The Egyptians cursed, spat, yelled and otherwise vilified the Hebrew upstarts, but tachlis, they could do no harm to us, for the exodus from that land had already been decreed.
That yelling — which must have been intimidating in the extreme — was likely similar in nature to what Yehoshua and Moshe heard as they made their way down the mountain to witness the sin of the Golden Calf, about which we just read in parashat Ki-Tissa.
Their puzzlement over the yelling is recorded in the Mikra as follows —
:יז וַיִּשְׁמַ֧ע יְהוֹשֻׁ֛עַ אֶת־ק֥וֹל הָעָ֖ם בְּרֵעֹ֑ה וַיֹּ֨אמֶר֙ אֶל־משֶׁ֔ה ק֥וֹל מִלְחָמָ֖ה בַּמַּֽחֲנֶֽה
:יח וַיֹּ֗אמֶר אֵ֥ין קוֹל֙ עֲנ֣וֹת גְּבוּרָ֔ה וְאֵ֥ין ק֖וֹל עֲנ֣וֹת חֲלוּשָׁ֑ה ק֣וֹל עַנּ֔וֹת אָֽנֹכִ֖י שֹׁמֵֽעַ
When Joshua heard the voice of the people in their shouting [lashon TERUAH], he said to Moses: "There is a voice of battle in the camp!"
But [Moses] said: "[It is] neither a voice shouting victory, nor a voice shouting defeat; a voice of blasphemy I hear."
Some commentators understand Moshe’s words as a veiled rebuke of Yehoshua, implying that as a leader he had better understand the tone of the people, lest he err in his dealings with them.
But there’s more here.
The Erev Rav, who stood behind the creation of the Golden Calf, were the one’s doing the yelling, and as Rashi explains, the voice in the camp was a קול חרופין וגדופין — a “voice of blasphemy and cursing that distresses the soul of those who hear [it].”
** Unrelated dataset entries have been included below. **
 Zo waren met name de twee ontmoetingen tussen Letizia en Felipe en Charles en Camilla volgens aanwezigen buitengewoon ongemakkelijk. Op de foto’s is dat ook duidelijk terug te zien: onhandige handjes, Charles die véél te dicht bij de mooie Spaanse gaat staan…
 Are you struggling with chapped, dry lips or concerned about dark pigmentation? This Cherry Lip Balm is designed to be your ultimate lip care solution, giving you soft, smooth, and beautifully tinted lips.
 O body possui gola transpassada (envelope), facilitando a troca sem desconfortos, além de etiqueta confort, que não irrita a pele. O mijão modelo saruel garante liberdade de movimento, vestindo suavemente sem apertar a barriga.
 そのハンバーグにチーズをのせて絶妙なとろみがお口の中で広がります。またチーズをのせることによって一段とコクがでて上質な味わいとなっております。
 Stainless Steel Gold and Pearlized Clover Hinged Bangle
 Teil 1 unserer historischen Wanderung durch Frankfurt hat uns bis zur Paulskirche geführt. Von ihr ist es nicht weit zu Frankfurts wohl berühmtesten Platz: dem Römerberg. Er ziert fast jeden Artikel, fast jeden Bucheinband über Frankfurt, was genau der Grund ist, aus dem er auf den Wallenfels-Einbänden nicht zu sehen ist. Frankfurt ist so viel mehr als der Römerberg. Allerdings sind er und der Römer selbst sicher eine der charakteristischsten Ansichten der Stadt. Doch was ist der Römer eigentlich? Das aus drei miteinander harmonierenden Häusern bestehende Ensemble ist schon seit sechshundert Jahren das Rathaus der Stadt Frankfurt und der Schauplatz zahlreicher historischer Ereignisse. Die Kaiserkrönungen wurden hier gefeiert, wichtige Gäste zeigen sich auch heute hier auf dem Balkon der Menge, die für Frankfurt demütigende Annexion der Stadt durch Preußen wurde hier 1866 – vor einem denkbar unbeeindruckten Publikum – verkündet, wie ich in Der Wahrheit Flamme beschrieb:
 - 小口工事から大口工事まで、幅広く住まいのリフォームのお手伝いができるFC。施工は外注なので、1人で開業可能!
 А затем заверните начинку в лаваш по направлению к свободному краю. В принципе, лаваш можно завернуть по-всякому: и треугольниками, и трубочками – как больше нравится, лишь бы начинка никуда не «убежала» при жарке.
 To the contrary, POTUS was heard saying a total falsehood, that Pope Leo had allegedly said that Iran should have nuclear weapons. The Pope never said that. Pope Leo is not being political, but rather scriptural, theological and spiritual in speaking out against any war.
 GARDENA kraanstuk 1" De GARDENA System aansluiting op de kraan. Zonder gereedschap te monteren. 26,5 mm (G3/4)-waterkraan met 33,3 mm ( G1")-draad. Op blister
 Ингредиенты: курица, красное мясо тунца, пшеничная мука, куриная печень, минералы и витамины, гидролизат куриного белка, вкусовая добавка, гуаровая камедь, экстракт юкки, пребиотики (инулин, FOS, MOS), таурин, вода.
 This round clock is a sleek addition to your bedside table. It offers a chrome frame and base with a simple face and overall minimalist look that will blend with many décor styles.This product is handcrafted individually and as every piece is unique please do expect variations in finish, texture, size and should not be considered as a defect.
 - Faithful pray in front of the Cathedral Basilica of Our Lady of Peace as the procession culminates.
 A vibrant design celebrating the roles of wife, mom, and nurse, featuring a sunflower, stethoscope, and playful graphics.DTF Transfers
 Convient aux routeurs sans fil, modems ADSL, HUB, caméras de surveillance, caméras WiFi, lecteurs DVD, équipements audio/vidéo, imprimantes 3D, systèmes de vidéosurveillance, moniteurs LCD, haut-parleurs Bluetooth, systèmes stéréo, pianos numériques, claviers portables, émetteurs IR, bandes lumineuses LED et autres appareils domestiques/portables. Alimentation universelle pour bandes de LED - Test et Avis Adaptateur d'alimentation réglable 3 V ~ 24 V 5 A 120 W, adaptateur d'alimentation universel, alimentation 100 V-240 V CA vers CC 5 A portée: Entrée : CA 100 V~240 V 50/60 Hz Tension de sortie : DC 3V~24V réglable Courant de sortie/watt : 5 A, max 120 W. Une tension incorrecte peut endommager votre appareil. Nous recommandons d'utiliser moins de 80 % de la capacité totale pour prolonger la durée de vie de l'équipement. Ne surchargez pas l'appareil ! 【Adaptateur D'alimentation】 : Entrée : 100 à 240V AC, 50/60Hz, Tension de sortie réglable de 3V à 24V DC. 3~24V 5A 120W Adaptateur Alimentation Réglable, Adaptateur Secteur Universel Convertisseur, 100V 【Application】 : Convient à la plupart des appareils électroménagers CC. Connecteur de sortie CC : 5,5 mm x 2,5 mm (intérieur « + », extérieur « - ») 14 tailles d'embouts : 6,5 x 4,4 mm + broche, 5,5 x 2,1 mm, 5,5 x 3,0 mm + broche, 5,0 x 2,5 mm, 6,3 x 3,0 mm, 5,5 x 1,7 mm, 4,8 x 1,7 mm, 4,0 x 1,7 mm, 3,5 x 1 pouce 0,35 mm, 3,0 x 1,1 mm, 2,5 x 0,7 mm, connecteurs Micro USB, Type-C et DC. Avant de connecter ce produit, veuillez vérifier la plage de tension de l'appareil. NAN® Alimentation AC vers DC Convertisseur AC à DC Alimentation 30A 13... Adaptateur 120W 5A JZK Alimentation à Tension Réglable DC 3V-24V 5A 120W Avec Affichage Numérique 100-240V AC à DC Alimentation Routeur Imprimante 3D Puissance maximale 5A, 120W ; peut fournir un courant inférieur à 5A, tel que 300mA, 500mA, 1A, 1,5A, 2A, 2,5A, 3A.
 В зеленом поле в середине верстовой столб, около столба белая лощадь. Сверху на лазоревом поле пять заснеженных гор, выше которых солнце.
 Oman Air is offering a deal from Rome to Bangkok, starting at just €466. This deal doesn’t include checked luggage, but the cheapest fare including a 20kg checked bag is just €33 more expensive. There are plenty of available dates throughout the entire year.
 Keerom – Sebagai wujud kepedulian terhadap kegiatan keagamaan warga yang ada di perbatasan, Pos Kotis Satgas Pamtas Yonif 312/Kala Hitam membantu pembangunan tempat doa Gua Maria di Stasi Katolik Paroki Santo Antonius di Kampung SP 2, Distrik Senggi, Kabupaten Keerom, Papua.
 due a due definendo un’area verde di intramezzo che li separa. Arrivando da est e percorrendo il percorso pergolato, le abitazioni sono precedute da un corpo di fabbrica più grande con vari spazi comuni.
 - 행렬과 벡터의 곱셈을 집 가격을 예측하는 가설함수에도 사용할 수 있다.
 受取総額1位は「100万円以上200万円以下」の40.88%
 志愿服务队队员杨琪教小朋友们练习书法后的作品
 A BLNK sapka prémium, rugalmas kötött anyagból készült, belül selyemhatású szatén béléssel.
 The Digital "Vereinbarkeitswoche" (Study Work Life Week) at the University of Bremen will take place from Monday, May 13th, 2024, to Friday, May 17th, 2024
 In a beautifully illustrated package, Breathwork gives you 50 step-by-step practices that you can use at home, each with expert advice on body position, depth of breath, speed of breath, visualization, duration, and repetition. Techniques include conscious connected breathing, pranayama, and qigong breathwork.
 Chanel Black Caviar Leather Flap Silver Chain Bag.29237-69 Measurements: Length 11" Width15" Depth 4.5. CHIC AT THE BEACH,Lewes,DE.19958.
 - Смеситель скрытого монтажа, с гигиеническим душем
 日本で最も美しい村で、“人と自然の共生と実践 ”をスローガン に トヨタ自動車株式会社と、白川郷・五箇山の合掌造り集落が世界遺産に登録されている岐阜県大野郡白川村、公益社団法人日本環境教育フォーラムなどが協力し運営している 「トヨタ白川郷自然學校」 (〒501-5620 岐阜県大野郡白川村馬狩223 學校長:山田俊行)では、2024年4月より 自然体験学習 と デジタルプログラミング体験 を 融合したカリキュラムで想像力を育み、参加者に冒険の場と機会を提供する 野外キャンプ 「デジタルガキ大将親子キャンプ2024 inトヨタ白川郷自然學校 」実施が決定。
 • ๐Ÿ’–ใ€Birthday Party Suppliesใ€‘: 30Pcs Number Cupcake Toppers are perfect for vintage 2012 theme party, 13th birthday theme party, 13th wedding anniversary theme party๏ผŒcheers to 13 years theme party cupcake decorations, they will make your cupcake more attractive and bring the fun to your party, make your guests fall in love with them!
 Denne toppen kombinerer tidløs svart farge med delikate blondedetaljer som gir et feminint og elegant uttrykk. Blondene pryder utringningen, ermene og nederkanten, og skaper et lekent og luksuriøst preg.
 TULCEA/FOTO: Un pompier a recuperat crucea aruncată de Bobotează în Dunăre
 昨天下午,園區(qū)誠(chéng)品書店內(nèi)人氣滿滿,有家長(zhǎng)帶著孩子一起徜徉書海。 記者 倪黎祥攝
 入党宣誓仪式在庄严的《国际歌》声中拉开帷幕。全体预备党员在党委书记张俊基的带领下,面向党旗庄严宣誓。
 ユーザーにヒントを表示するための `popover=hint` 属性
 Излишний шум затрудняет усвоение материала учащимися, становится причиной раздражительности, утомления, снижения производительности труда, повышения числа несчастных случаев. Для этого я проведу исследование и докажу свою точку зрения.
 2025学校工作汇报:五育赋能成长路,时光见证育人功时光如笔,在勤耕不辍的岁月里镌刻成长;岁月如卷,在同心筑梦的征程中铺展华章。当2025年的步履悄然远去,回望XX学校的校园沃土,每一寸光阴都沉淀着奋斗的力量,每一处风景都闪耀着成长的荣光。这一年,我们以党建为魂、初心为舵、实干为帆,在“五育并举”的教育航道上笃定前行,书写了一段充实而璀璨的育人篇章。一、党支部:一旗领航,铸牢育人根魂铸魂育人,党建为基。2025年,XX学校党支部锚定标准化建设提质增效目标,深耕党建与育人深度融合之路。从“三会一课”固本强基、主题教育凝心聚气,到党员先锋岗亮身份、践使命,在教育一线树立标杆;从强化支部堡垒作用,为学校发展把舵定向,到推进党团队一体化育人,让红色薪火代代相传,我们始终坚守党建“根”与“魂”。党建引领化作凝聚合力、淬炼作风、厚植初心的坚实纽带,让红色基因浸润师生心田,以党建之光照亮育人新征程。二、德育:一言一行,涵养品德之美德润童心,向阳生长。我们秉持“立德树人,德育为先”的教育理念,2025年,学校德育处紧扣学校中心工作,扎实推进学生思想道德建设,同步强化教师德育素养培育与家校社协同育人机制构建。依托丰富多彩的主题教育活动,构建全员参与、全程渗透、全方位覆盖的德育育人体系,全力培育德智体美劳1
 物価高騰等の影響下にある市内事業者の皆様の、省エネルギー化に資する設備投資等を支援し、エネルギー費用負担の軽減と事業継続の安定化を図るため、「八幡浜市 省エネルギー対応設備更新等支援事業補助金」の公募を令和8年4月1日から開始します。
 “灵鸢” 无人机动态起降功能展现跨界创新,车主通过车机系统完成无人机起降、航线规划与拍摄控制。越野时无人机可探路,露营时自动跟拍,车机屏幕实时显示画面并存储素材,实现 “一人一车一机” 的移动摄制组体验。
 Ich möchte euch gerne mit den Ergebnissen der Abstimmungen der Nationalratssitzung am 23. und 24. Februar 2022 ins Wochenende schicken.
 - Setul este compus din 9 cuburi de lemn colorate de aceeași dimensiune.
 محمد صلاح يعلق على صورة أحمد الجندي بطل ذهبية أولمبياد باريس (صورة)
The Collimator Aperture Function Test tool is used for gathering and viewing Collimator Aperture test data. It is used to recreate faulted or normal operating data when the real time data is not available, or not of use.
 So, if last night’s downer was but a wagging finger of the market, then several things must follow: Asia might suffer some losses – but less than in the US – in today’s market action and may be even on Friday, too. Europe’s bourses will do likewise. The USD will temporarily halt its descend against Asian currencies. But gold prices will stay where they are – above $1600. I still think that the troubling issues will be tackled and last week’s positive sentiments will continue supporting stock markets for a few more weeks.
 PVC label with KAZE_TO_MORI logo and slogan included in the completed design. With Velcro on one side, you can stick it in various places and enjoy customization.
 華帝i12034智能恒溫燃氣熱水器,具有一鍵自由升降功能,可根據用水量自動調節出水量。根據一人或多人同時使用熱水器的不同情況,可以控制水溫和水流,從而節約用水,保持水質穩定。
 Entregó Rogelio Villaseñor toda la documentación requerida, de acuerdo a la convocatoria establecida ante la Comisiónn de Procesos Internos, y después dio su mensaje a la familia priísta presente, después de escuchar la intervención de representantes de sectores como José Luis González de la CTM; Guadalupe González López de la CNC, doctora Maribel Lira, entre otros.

As in Mitzrayim, screaming Egyptians were aggrieving the Children of Israel.
Turning up the volume…
Indeed, noise and yelling may be among the Erev Rav’s greatest weapons against us.
It intimidates even as it draws the weakest of Jewish souls toward it. Their desire to avoid being on the receiving end of the bullying and invective will often move lesser neshamot to side with their Erev Rav tormentors.
But we needn’t fear.
Nor need we respond when they yell at us for
not vaccinating, or
not quarantining or masking, or
not voting, or
not enlisting in their anti-Jewish army, and, in general,
not doing all those things that give them legitimacy and authority over us.
Ignore it. It’s just noise.
They can jump and scream and threaten and curse all they want.
But they can’t hurt us
Because we’re killing their gawd — their holy state, that from its outset was meant to serve only their interests.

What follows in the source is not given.